S&P Global, a leading provider of financial intelligence, announced the launch of S&P AI Benchmarks by Kensho, an innovative solution aimed at establishing a new standard for evaluating large language models (LLMs) in complex financial applications.
Developed by Kensho, S&P Global’s AI-focused division, this benchmarking tool measures an LLM’s ability to perform tasks such as quantitative reasoning, data extraction from financial documents, and showcasing domain-specific knowledge. The results are displayed on a leaderboard, offering a transparent view of each model’s performance.
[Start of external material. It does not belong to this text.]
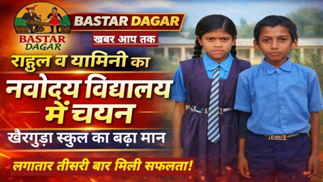 बस्तर। बस्तर विकासखंड के कुंडगुड़ा संकुल अंतर्गत प्राथमिक शाला खैरगुड़ा के दो प्रतिभाशाली छात्रों राहुल और यामिनी का चयन नवोदय विद्यालय में हुआ है। इस उपलब्धि से विद्यालय परिवार के साथ-साथ पूरे क्षेत्र में खुशी का माहौल है।

S&P AI Benchmarks ranks LLMs across key financial and quantitative metrics, including domain knowledge, quantity extraction, and program synthesis. “S&P AI Benchmarks combines Kensho’s cutting-edge AI research with S&P Global’s financial intelligence,” said Bhavesh Dayalji, Chief AI Officer at S&P Global and CEO of Kensho. “We aim for this solution to become the industry standard for evaluating LLMs in complex financial reasoning, fostering innovation in the FinAI space.”
The timing of this launch is critical for the financial services industry, as institutions increasingly explore the potential of generative AI and LLMs to enhance operations and achieve a competitive advantage. The absence of standardized benchmarks has made it difficult for organizations to assess the right models for their specific needs.
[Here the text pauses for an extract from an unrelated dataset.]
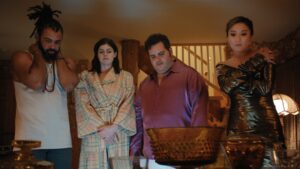 That’s the initial setup, with a snowstorm on the way to keep everyone from leaving. With the occasional addition of Kevin Pollak (Here’s Yianni!), as Gary, the rental property’s owner, it’s just four actors in a single location, running the full gamut of their emotions. The dialogue and action range from sad and contemplative to giddy and wild. Throw in some magic moonshine, too, for additional frantic energy.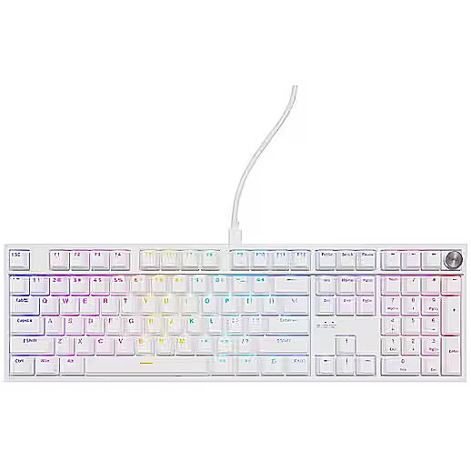 Desc - Pieslēguma tips: Vada, Kategorija: Datorspēlēm, Savienošana ar datoru: USB, Apgaismojums taustiņiem: Ir, Valodas: ENG, Komplektācija: Klaviatūra, Krāsa: Balta, Garantija: 2 gadi

"Benchmarking solutions like this are vital for helping institutions determine which LLMs to use for their specific applications," Dayalji explained. “S&P AI Benchmarks will further innovation by guiding financial professionals on where each model excels and how it can provide the most value.”
The methodology for S&P AI Benchmarks was developed and validated by a diverse team of experts, including engineers, researchers, academics, and financial professionals across S&P Global. The evaluation consists of 600 questions designed to rigorously test LLM performance across three key categories.
Industry analysts consider the launch of S&P AI Benchmarks to be a significant milestone in AI adoption within the financial sector. As advanced AI technologies become more integrated into finance, having a reliable and transparent benchmarking tool will be essential for firms looking to make informed deployment decisions. S&P Global’s solution may accelerate the responsible adoption of LLMs and stimulate innovation in the FinAI space.
Looking forward, S&P Global envisions S&P AI Benchmarks playing a crucial role in the future of AI in financial services. “Our vision is for LLMs to adapt more effectively to the needs of our industries, and solutions like ours will facilitate that,” Dayalji said. “We also encourage all model providers to participate to help us continue evolving our framework.”
As the financial industry navigates the rapidly changing landscape of AI and generative AI, tools like S&P AI Benchmarks by Kensho are set to become essential resources, enabling organizations to harness these technologies while ensuring accuracy, transparency, and responsible deployment.